Tuning and optimizing Tx/Rx equalization can be done pre-hardware and post-hardware. Pre-hardware simulation puts all the trade-offs in your hands, including PCB materials and layout. IBIS-AMI models capture the nuances of device-specific equalization, enabling equalization tuning in your PCB simulator. Post-hardware, many ICs offer software routines to examine how the Rx internal eye or BER changes while you manipulate SerDes Equalization Settings (SES) in hardware. As pre- and post-hardware SES optimization techniques become more understood and accessible, the ability of the ICs to manipulate and self-optimize without user intervention will also improve. Watch this space.
 

Higher Data Rates

Higher data rates bring commensurate improvements in both hardware and software. On the hardware side, new materials have improved trace loss while via, connector, and package impedances experience continuous refinement and improvement. This is imperative, because as data rates increase smaller features become relevant. However, amidst all this change and improvement - and because PCB technologies do not change at the same rate as ICs - the magnitude of system-level pulse spreading stays somewhat constant.

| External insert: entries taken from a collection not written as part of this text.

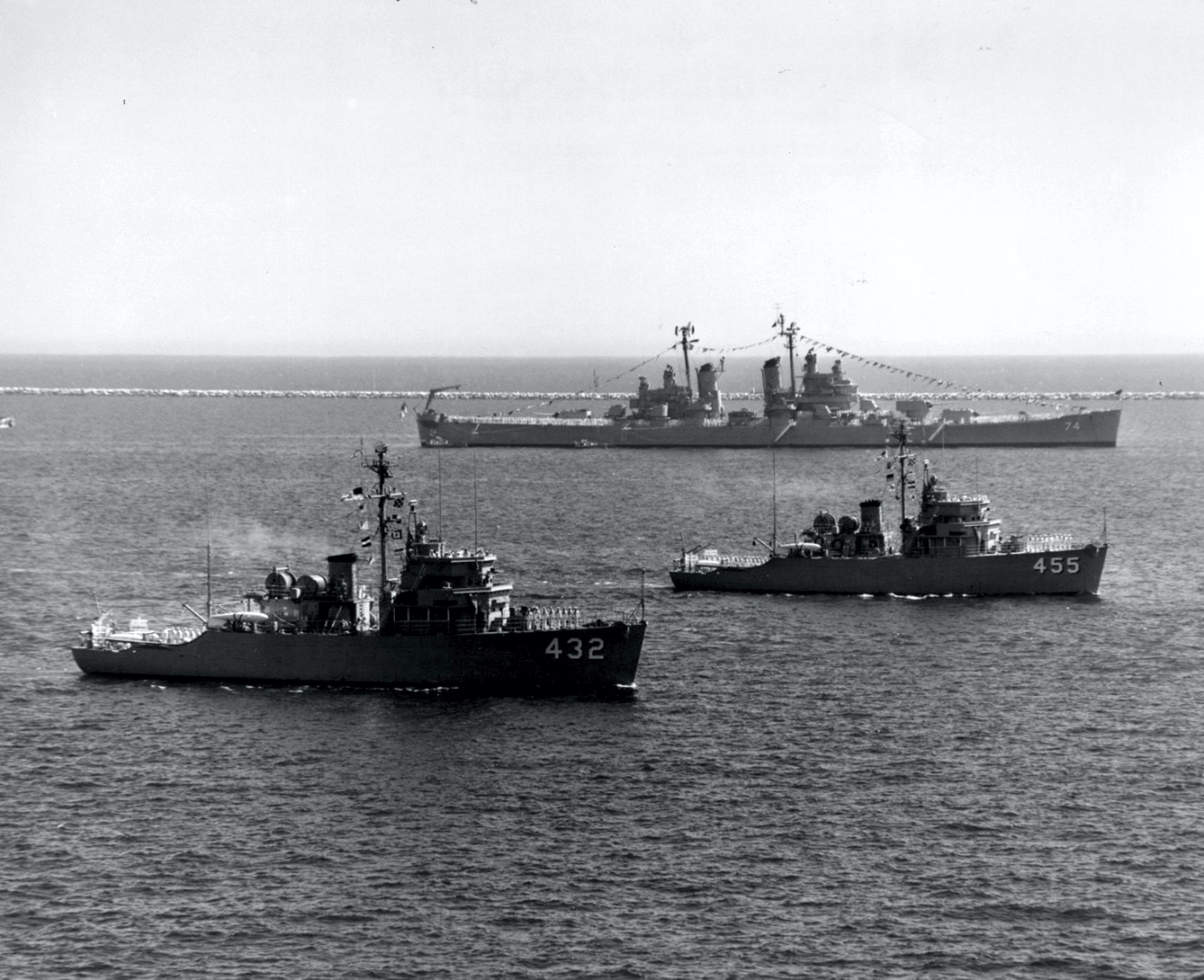 Aerial view of the first Fleet Review in Long Beach, California on 10 September 1956. USS Dynamic (MSO 432), USS Implicit (MSO 455), USS Columbus (CA 74). |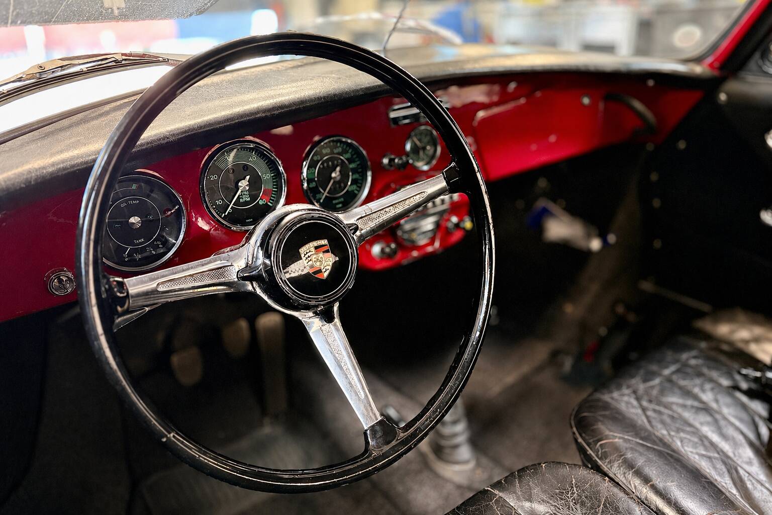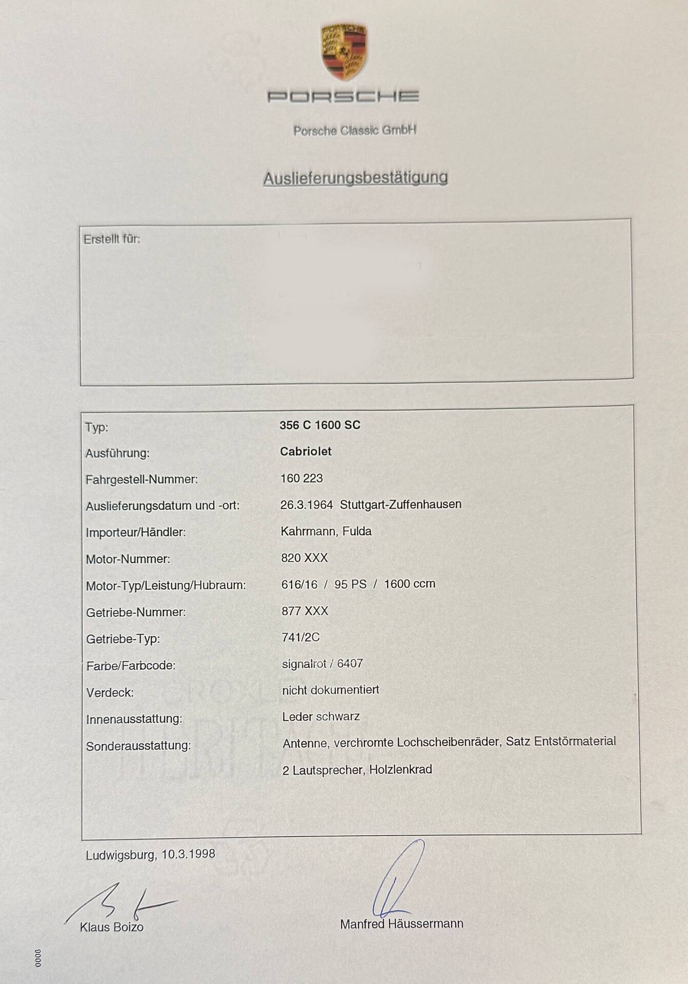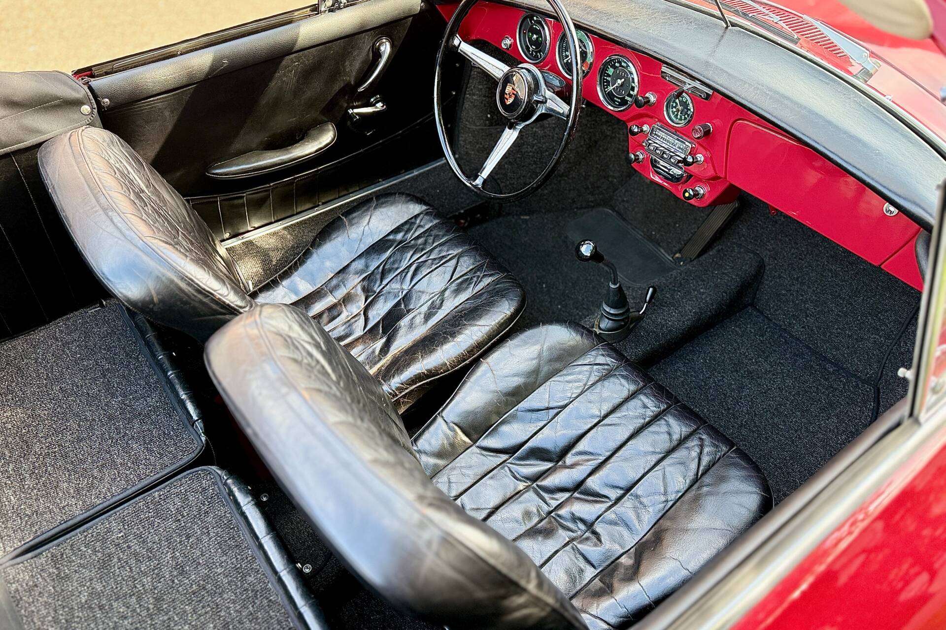 Dieser Porsche 356 ist seit 1998 im Familienbesitz. Zahlreiche Dokumente erzählen von der Lebensgeschichte der letzten 28 Jahre. Die Auslieferungsbestätigung der Porsche Werke bestätigt den 356er als 1964 ausgeliefertes Cabriolet 1600 SC mit 95 PS und 1600 ccm Hubraum. Heute befindet sich ein etwas späterer Motor aus einem Porsche 912 im Fahrzeug. Optisch steht der Porsche schön dar und auch bei einem Blick unter das Auto beunruhigt uns die Substanz nicht. Der Innenraum ist gepflegt, die Sitze haben eine ordentliche Patina, das Verdeck ist in einem schönen Zustand.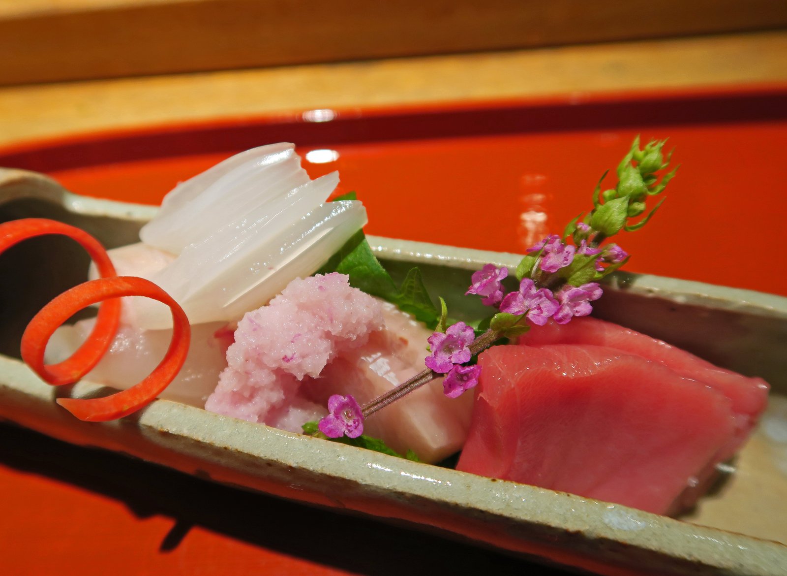 The Mukōzuke, the sashimi course, was fine…….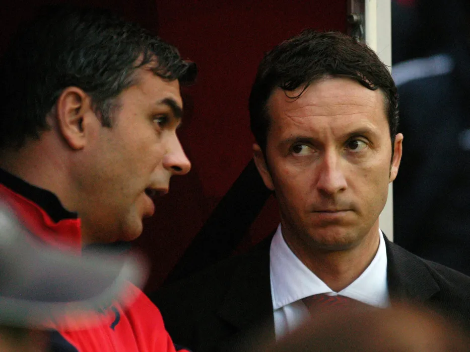 Cosmin Olaroiu alaturi de Mihai Stoica la meciul de fotbal dintre Middlesbrough FC si Steaua Bucuresti, contand pentru semifinala retur a Cupei UEFA, desfasurat pe Stadionul Riverside din Middlesbrough, joi 27 aprilie 2006. © FOTO:Razvan Pasarica/SPORT PICTURES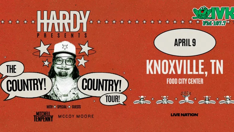 Hardy is coming to Knoxville in 2026! You can see him at Thompson-Boling Arena at Food City Center on April 9th! Joined by Mitchell Tenpenny and McCoy...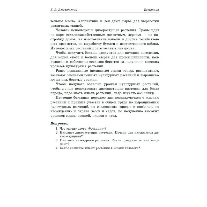 Ботаника. Учебник для 5-6 классов средней школы. 1957 год. Ботаника - наука о растениях, которая изучает их происхождение, развитие, внешнее и внутреннее строение, классификацию, распространение по земной поверхности, а также охрану и экологию. Знание ботаники необходимо, так как при правильном применении растения могут приносить огромную пользу в различных сферах человеческой жизнедеятельности. Настоящее издание представляет собой оригинальный текст, выпущенный в 1957 году. Учебник составлен известным советским педагогом, методистом-биологом, профессором Борисом Всесвятским, который одним из первых разработал школьные программы по биологии. Пособие содержит подробные сведения о дикорастущих и культурных растениях, а также интересные опыты и примеры, помогающие лучше усвоить пройденный материал.
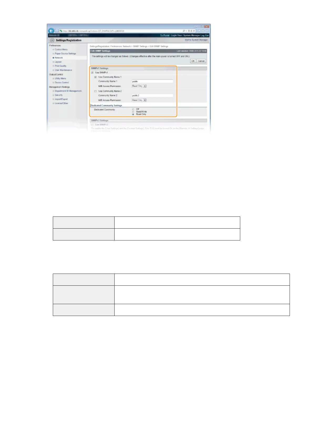 [Read Only] Permits only viewing the values of MIB objects by using Dedicated Community.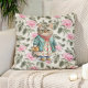 Kissen mit Vintagem Gemälde einer niedlichen Oma-Katze mit rosa Schürze und grünem Pullover.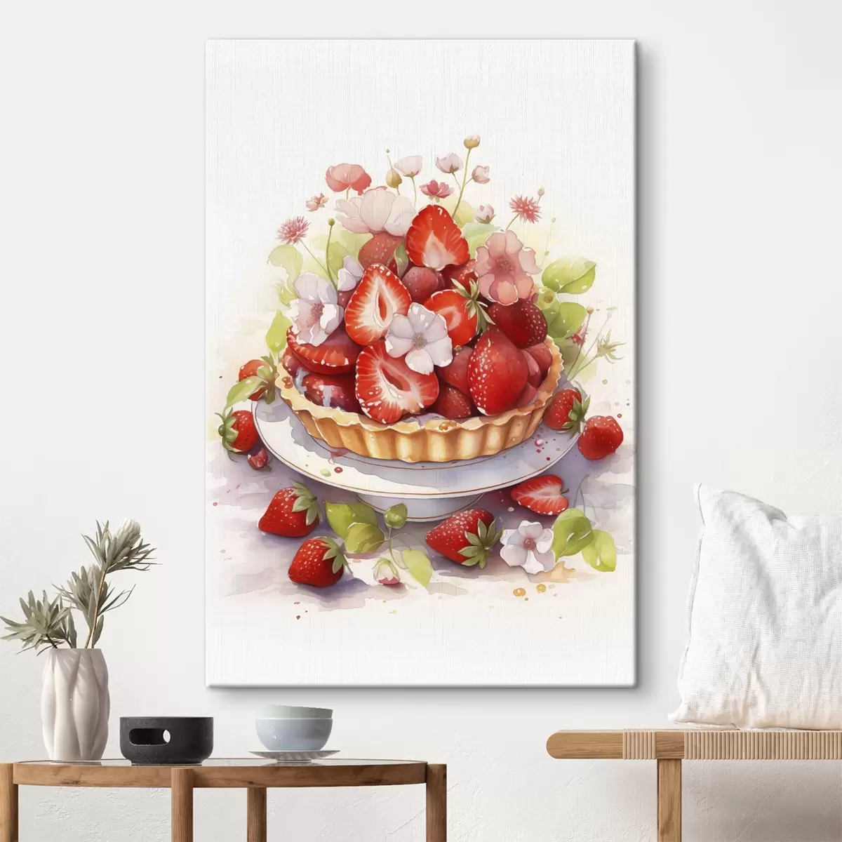 Schilderijen Aardbeientaart, aquarel, bloemen s41177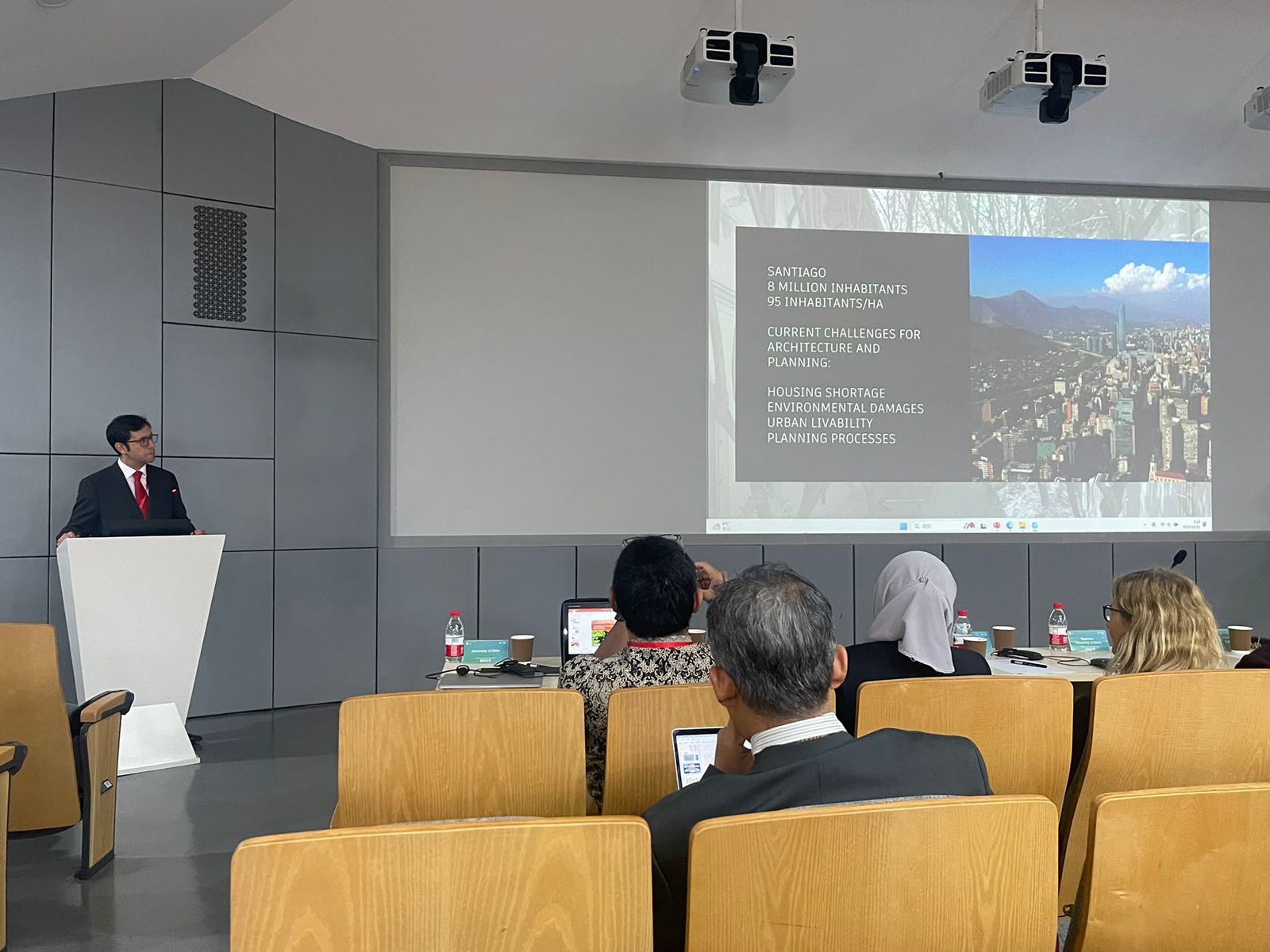 Junto con participar de la Ceremonia Inaugural y de las actividades de la Conferencia Internacional de la Alianza Internacional de Universidades de Arquitectura y Tecnología de la Ruta de la Seda (SRIAATU), el Director Opazo participó en el Foro de Cooperación de la Alianza entre Universidades de Arquitectura, realizando una presentación de la FAU en la que abordó temáticas asociadas al trabajo académico y a la investigación vinculados a la cooperación internacional.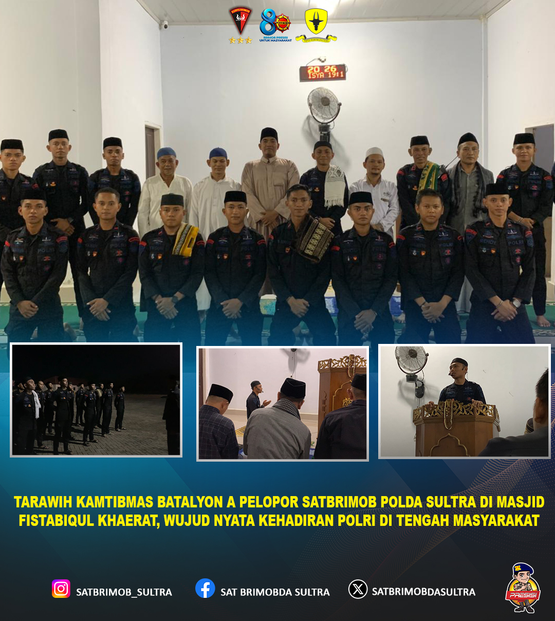 Dalam rangka menciptakan situasi keamanan dan ketertiban masyarakat (kamtibmas) yang kondusif selama bulan suci Ramadhan, personel Batalyon A Pelopor Satuan Brigade Mobil Kepolisian Daerah Sulawesi Tenggara (Satbrimob Polda Sultra) melaksanakan kegiatan Tarawih Kamtibmas di Masjid Fistabiqul Khaerat, Kecamatan Ranomeeto.

As such, the time that occupied only one bit or tap at 2.5 Gbps now fills 10 taps at 25 Gbps. For this reason, you will notice an increasing amount of taps in higher data rate devices. Furthermore Rx has begun adding FFE, and automated Rx equalization optimization is increasingly becoming the prescription for functional serial links.
 

Conclusion

In this "primer" we've covered serial link equalization terminology and concepts. I've detailed how the evolution of equalization caused the industry to slant toward, if not overuse, Tx equalization. Over time the bulk of equalization capabilities have been added into the Rx. This raises the importance of thinking at a system level about how Tx and Rx equalization capabilities should be combined for optimal performance. Learning to read and adapt a system's pulse response is a valuable tool to tune equalization, add margin, and avoid problematic situations. I trust the concepts presented will raise your EQ IQ, empowering you to adjust marginal links, increase throughput, and add design margin.